▶ SUPPLIED RECORDS
_ _ _
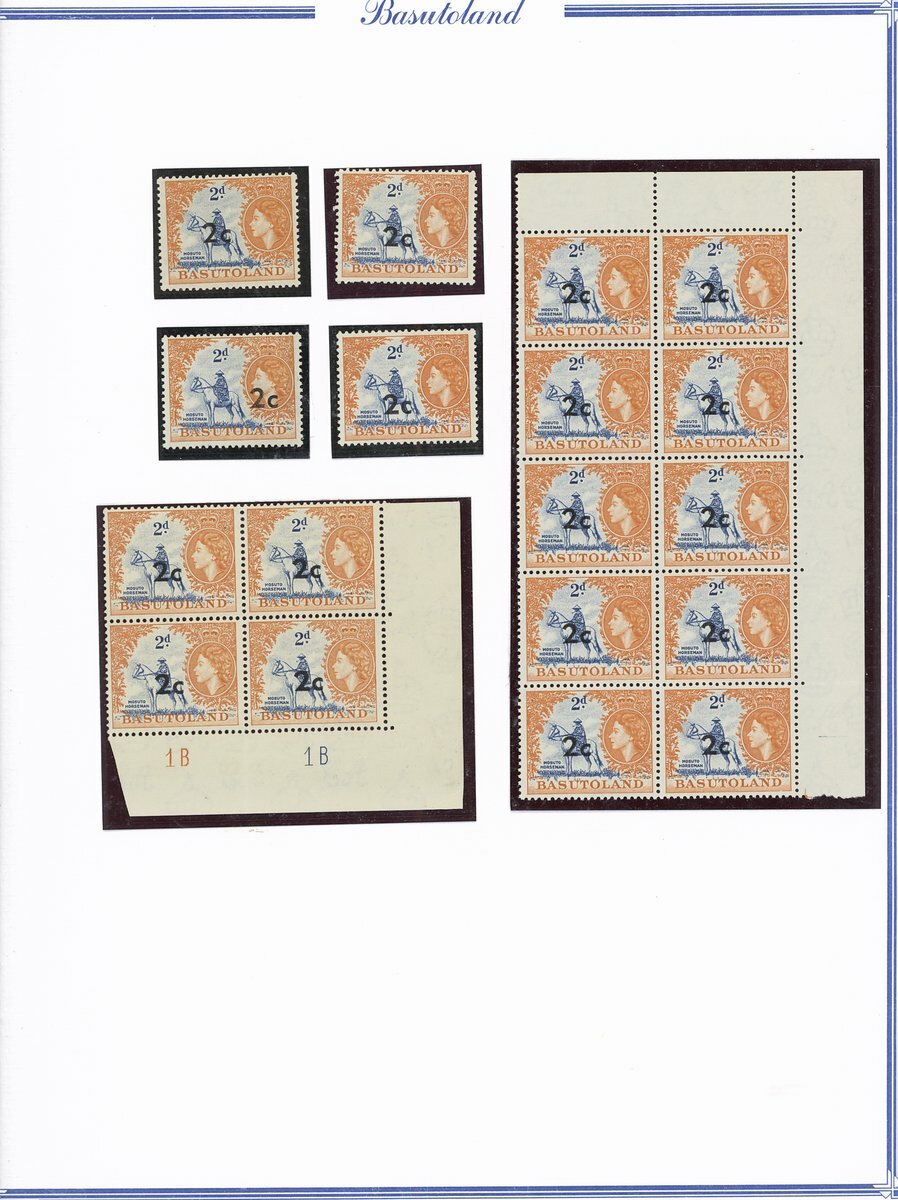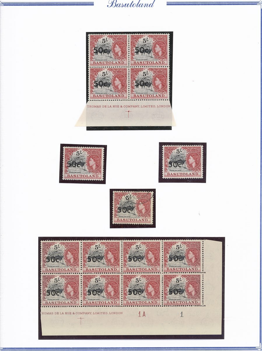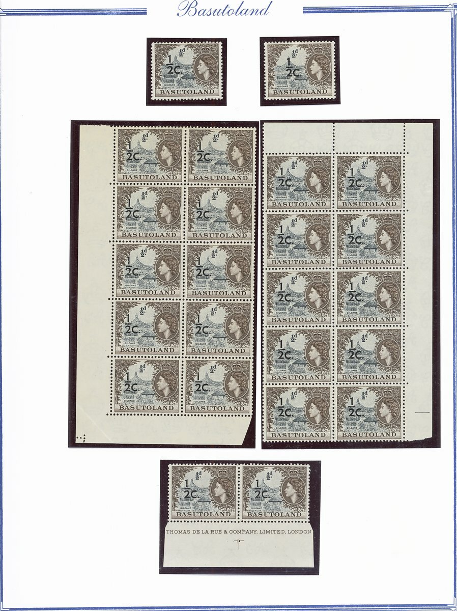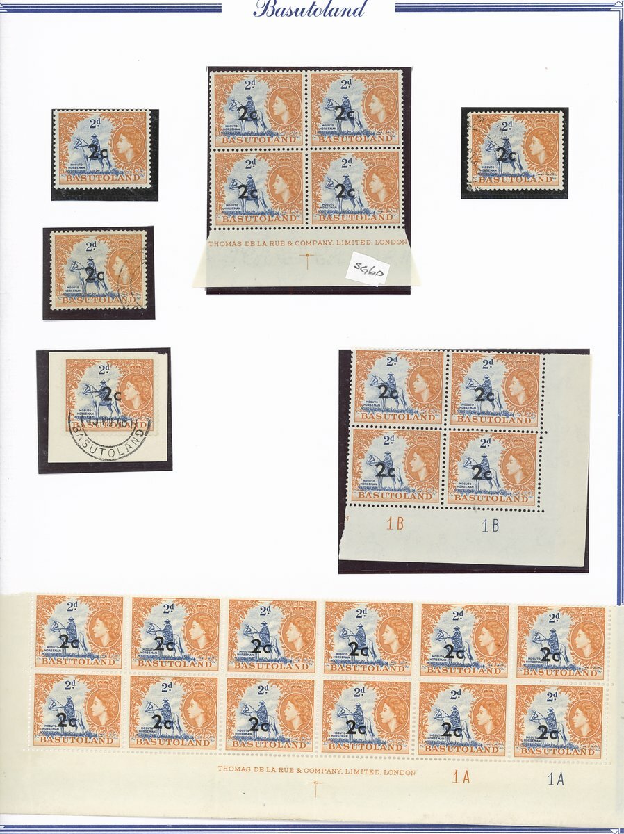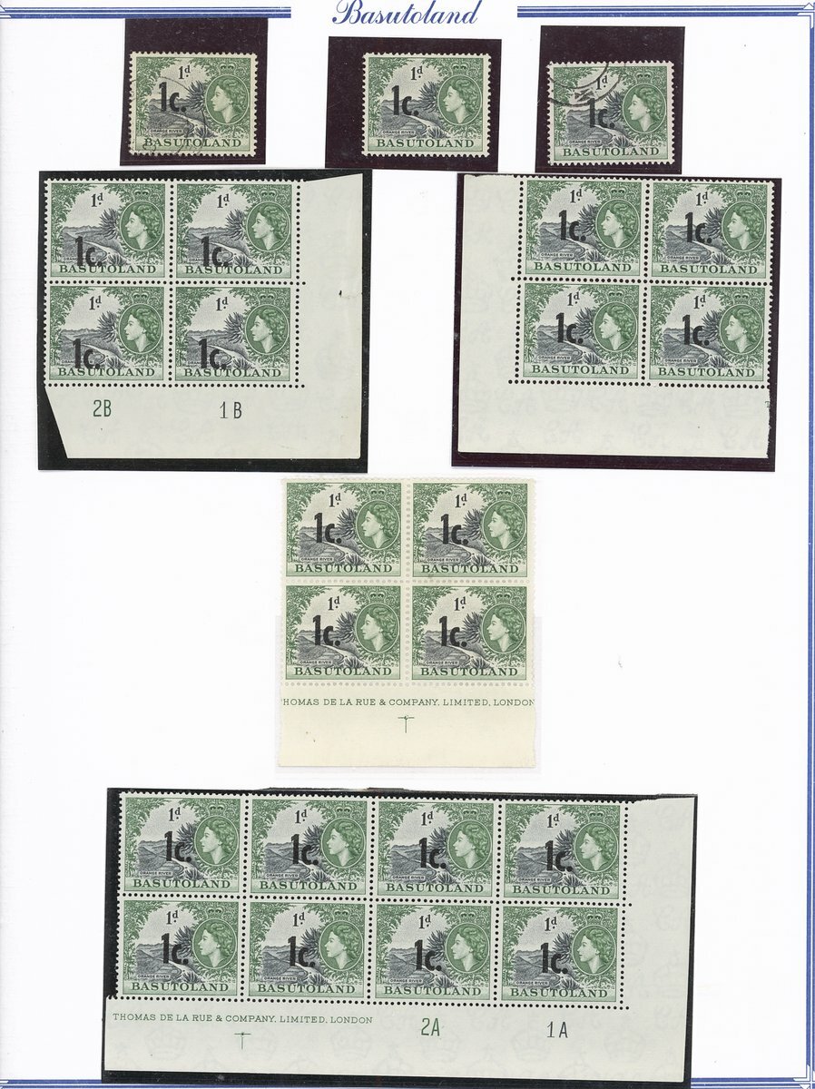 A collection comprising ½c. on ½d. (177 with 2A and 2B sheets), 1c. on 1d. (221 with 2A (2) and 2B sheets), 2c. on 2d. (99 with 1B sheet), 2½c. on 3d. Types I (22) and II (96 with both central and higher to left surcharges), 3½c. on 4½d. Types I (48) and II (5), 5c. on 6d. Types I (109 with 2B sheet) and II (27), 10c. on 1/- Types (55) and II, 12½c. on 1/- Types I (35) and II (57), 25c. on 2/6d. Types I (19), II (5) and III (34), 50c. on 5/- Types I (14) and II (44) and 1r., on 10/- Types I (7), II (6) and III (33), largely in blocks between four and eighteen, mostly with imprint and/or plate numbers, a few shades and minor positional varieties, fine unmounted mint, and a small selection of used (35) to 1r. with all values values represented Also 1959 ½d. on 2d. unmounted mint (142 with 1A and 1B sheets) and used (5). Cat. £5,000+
_ _ _
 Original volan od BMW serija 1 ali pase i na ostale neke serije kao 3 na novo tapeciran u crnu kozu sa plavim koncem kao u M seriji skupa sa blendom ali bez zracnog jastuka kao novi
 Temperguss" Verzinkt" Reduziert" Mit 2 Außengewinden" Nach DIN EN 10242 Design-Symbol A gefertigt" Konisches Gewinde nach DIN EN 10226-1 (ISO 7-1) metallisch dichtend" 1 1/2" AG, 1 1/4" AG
_ _ _
▶ EXERCISE DETAILS
Considering only the material above, set down every line from the one with "Original volan od" to the one with "DIN EN 10242", inclusive, exactly as written.

▶ RESPONSE
 Original volan od BMW serija 1 ali pase i na ostale neke serije kao 3 na novo tapeciran u crnu kozu sa plavim koncem kao u M seriji skupa sa blendom ali bez zracnog jastuka kao novi
 Temperguss" Verzinkt" Reduziert" Mit 2 Außengewinden" Nach DIN EN 10242 Design-Symbol A gefertigt" Konisches Gewinde nach DIN EN 10226-1 (ISO 7-1) metallisch dichtend" 1 1/2" AG, 1 1/4" AG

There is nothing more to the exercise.